The leader of a synagogue named Jairus falls at Jesus's feet, while he requests Jesus to revive his daughter who is dying.
Jesus goes with him, and the crowd follows, giving Jesus very little personal space.
Meanwhile, in the crowd there's a woman who's been suffering from worsening hemorrhages for twelve years.
After spending all her money on doctors, who have utterly failed to treat her, she touches Jesus's clothing with the expectation that doing this will provide a cure.
Simply touching Jesus's clothes does what money and doctors couldn't do. The woman is healed.

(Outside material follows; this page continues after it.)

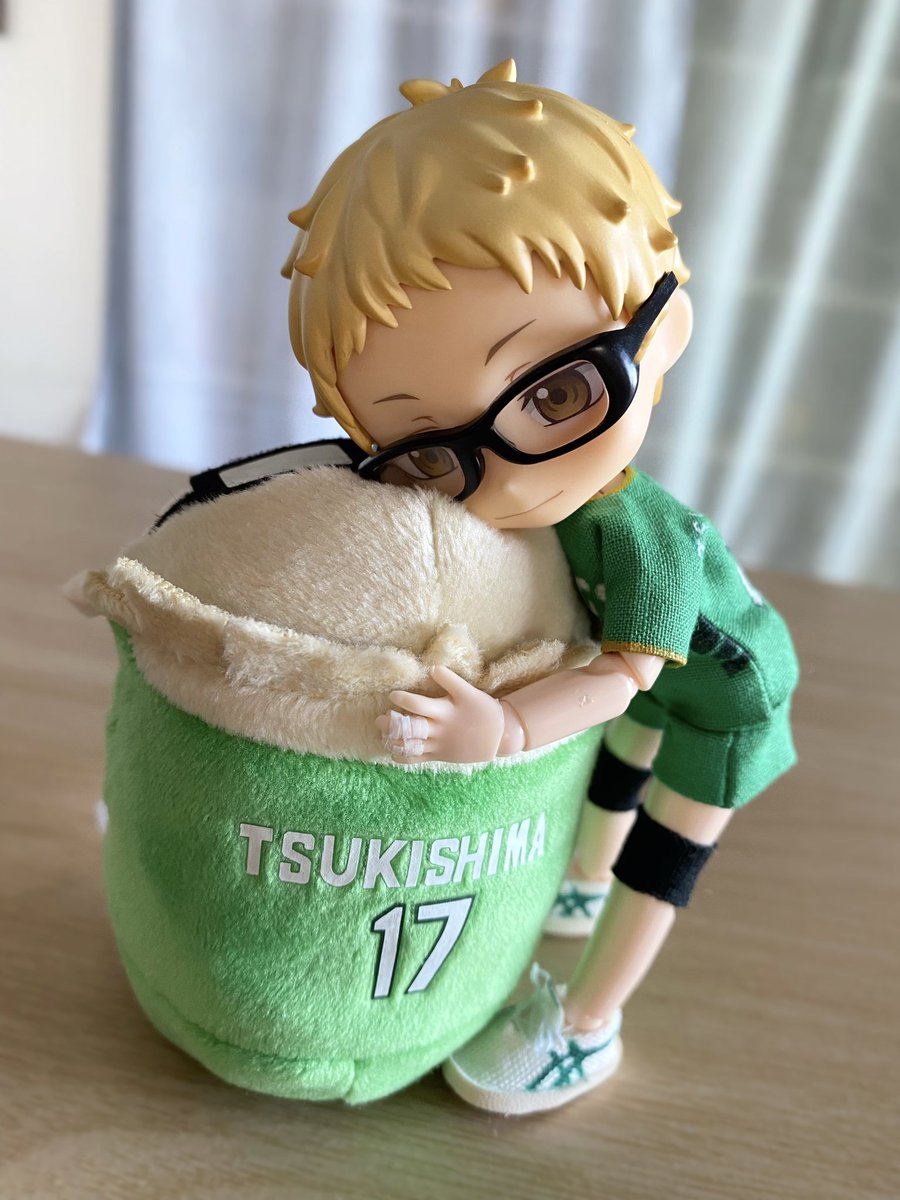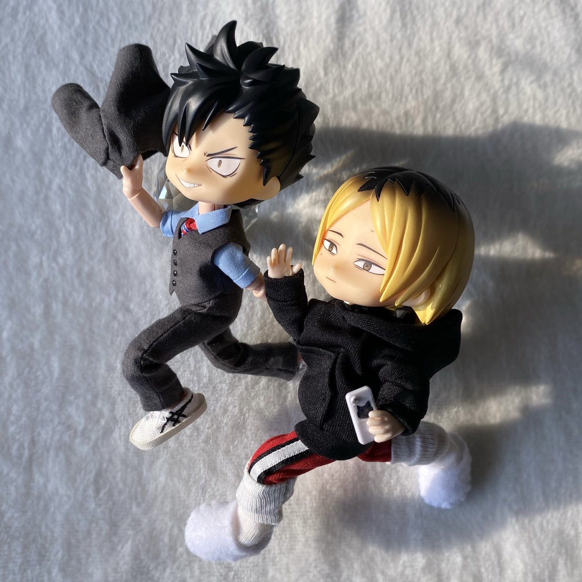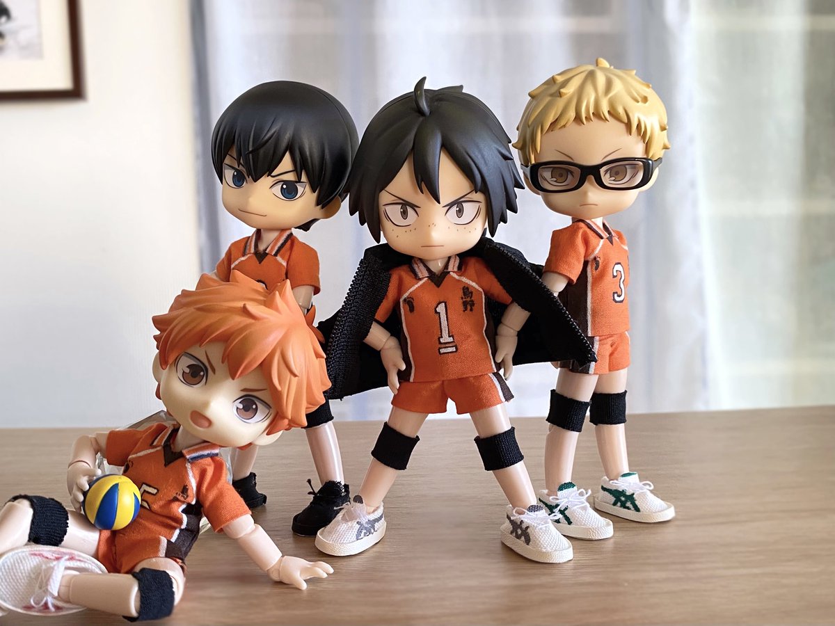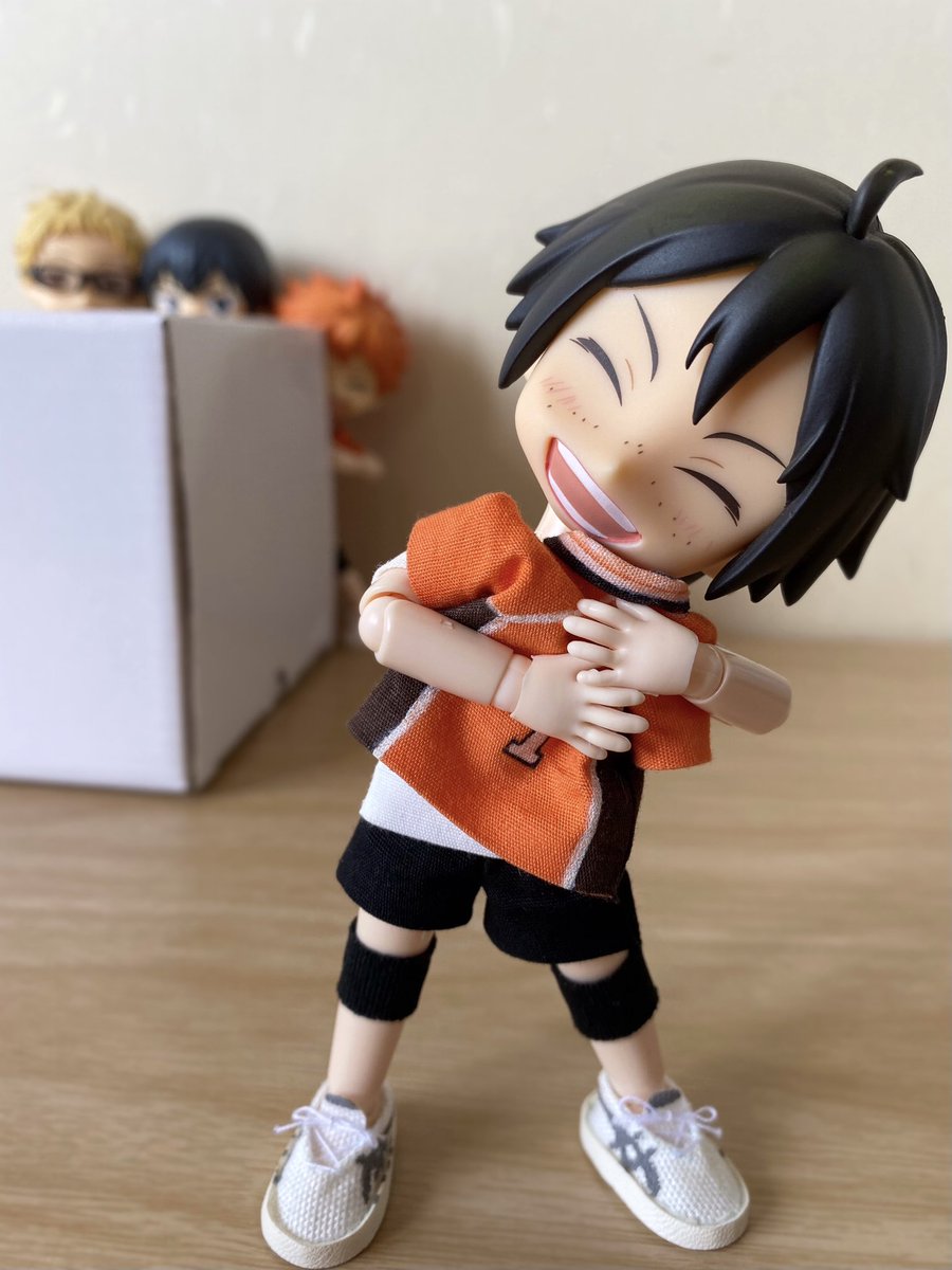 ミニちゃん届いた! こんなにちっちゃいの!?ってびっくりです 特典日向が届いたらミニちゃん全員で撮りたい 一足先にミニもちとびおで影山に大きさを比べてもらいました🫶

Jesus inwardly recognizes that his power has been exerted, stops dead in his tracks, and asks, "Who touched my clothes?"
The disciples suggest that his question is kind of dumb. After all, a huge crowd has been pressing in on him.
The woman is afraid because she knows she's been healed. Now's she going to get in trouble for accosting Jesus.
She falls before Jesus and confesses the whole truth.
But Jesus doesn't mind. She didn't accost him—she had faith, and that's what saved her. Good job. She should enjoy her health.
The narrator now resumes the frame-story that started in 5:21-24, as people inform Jairus that his daughter has died and shouldn't waste Jesus's time.
Death's not going to stop Jesus, who tells Jairus not to fear and to have faith.
Jesus takes Peter, James, and John, and they all enter the house of Jairus, where people are mourning.
Jesus tells them not to mourn because the child is not dead, but only sleeping.
They all scoff at this ridiculous suggestion, but Jesus sends the mourners out. They go to the child with her mother and father.
Jesus takes her hand and says, "Talitha cum" (5:41).
Here's your lesson in ancient languages for the day. This is an Aramaic phrase, which Mark subsequently translates into Greek for at least some members of the ancient audience who must not have known Aramaic.
Back to the story: the little girl gets up and walks.
The narrator adds the detail that she was twelve years old. That's interesting, but why is it important?
Jesus orders them not to tell anyone about this. Oh yeah, and he tells them to get this girl some food. She was just dead for crying out loud.
Jesus and his disciples go to Jesus's hometown, which we all know to be Nazareth (call to mind 1:9).
As he usually does, Jesus teaches in a synagogue on the Sabbath.
Everyone's truly astounded, but come on, he grew up with these people, who remember changing his diapers. So they're offended.
Jesus informs them that it's actually normal that prophets are without honor in their hometowns.
As a result, almost everyone misses out on getting healed. Jesus finds their lack of faith remarkable. The contrast with Jairus and the bleeding woman, who have faith, should be obvious.
The narrator summarizes: Jesus continues to teach in Galilean villages other than Nazareth.